Он умылся, запер измазанный помадой платок в ящик и сел к своему столу. Время шло, и он услыхал, как Рэтлиф спускается по лестнице, хотя Рэтлиф чуть потряс запертую дверь; вот теперь он свободен и может осуществить свои юношеские мечты — вернуть Ветхому завету его первоначальную девственную чистоту. Нет, он уже слишком стар. Должно быть, одной только тоски мало, чтобы так затосковать. И снова время шло, потом зазвонил телефон.
— Она уехала, — сказал голос Рэтлифа. — Ваша машина у меня. Хотите зайти ко мне поужинать?
— Нет, — сказал он.
— Хотите, я позвоню вашей жене, что вы будете у меня?
— О, черт, я же говорю — нет, — сказал он. Но тут же сказал: — Большое спасибо.
— Заеду за вами часов в восемь, — сказал Рэтлиф.
Гэвин ждал у перекрестка, машина — его машина — сразу тронулась, как только он сел.
— Опасное дело, — сказал он.
— Это-то верно. Но все уже кончилось, надо только попривыкнуть.
— Нет, я хочу сказать, что для вас это опасно. Со мной всем опасно. Я — человек опасный. Неужели вы не понимаете, что я только что совершил убийство?
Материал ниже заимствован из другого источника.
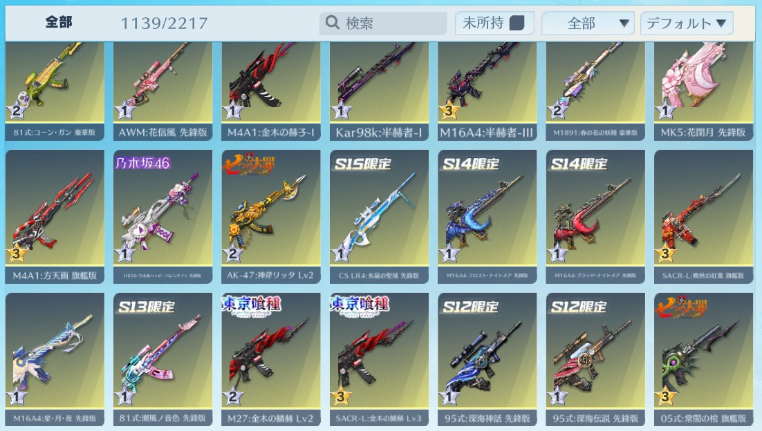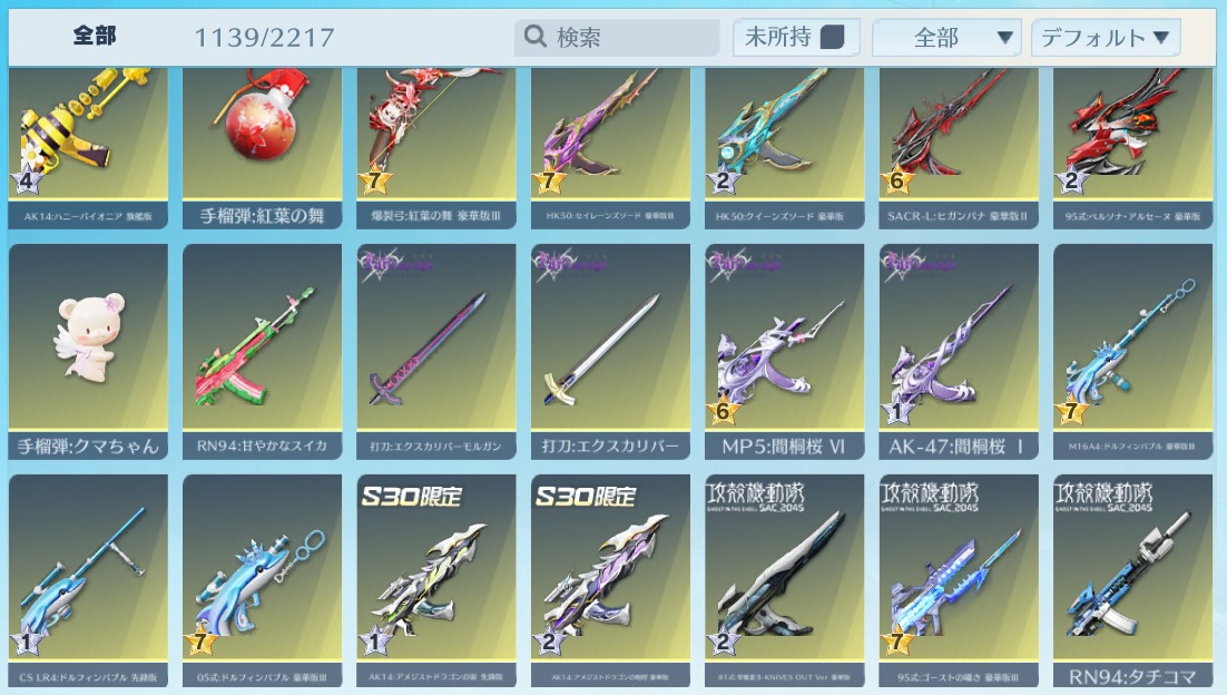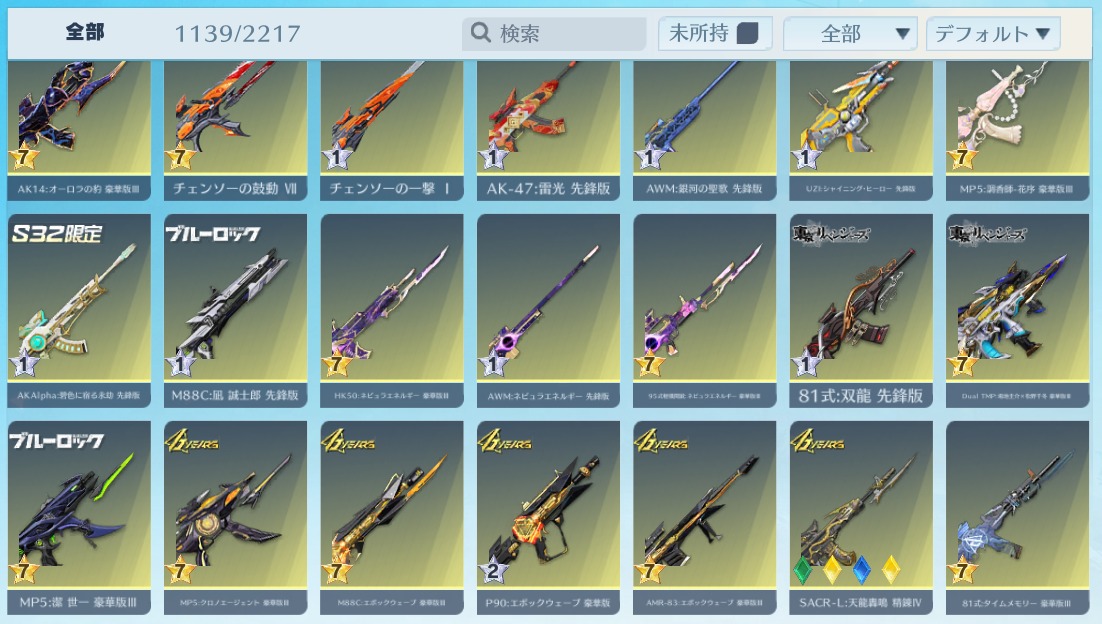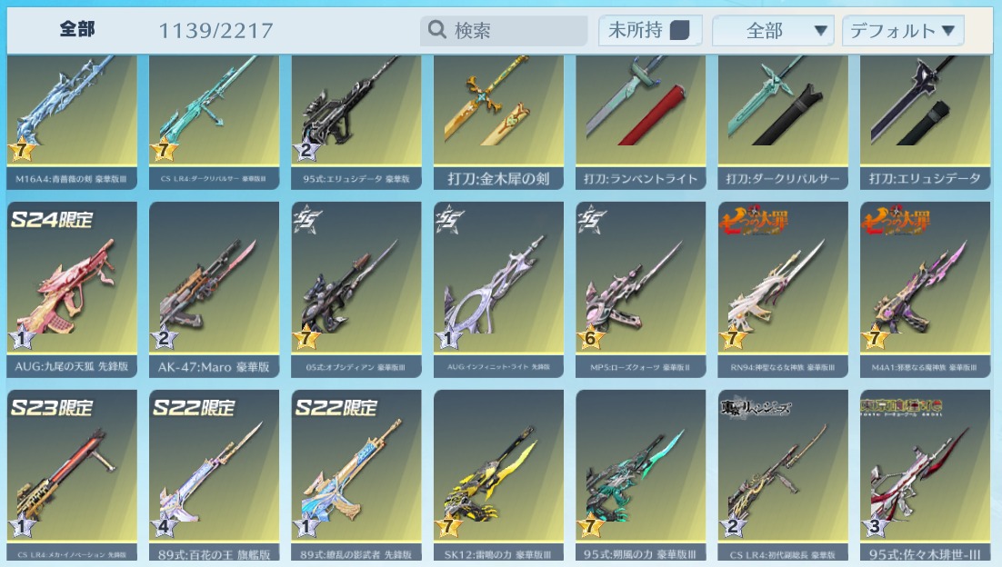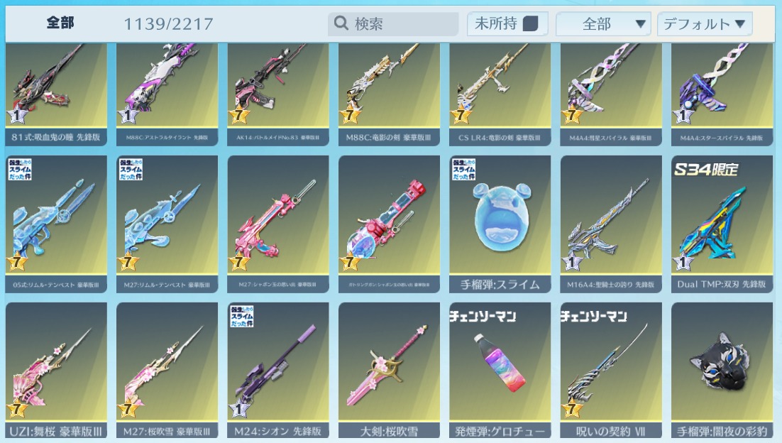 | 銃器スキン | 1110個以上 |

— А-а, вы вот о чем, — сказал Рэтлиф. — Раньше я думал, что вас только одним можно обезопасить — кому-то выйти за вас замуж. Ничего из этого не получилось, но вы-то, по крайней мере, в порядке. Вы же сами сказали, что только что совершили убийство. Что же еще можно для вас придумать? — Они уже выехали на шоссе, оставив город позади, и можно было прибавить скорость, чтобы побыстрее проехать двадцать миль до лавки Уорнера. — Вы знаете, кого мне больше всех жалко в этой истории? — сказал Рэтлиф. — Лютера Биглина. Может, вы об этом не слыхали, да и никто не узнал бы, если б сегодня все не вылезло наружу в частной, в покаянной, так сказать, беседе между Лютером и Ифом Бишопом. Оказалось, что каждый вечер, начиная с прошлого четверга до этого вторника, Лютер стоял или, вернее, сидел на посту как можно ближе к тому самому окошку; он там оставался с той минуты, как миссис Биглин возвращалась из кино и будила его, до самого рассвета. Понимаете, весь день он возился у себя в тюрьме, убирал, кормил арестантов, да еще все время был начеку — не понадобится ли он шерифу для каких-нибудь поручений, как же тут ему было не поспать хоть немножко, а время на сон он мог выкроить только после ужина, до той минуты, когда миссис Биглин — она ему была вместо будильника — возвращалась из кино и его будила, значит, спал он примерно с семи часиков до половины десятого, до десяти, смотря какой фильм попадался, а всю ночь напролет стоял или сидел на складном стуле прямо под окошком у Флема, и не за награду, не за славу, потому что одна миссис Биглин об этом знала, а исключительно из верности Ифу Бишопу, из уважения к его присяге — защищать и оберегать жизнь всех джефферсонских граждан, даже жизнь таких, как Флем Сноупс. И надо же было Минку из всех двадцати четырех часов в сутки выбрать именно это время, примерно где-то между семью и половиной десятого, и в этот самый час явиться к Флему с той штукой, которую ему продали за револьвер, как будто Минк сделал это нарочно, назло, а такого, как говорится, и собаке не пожелаешь.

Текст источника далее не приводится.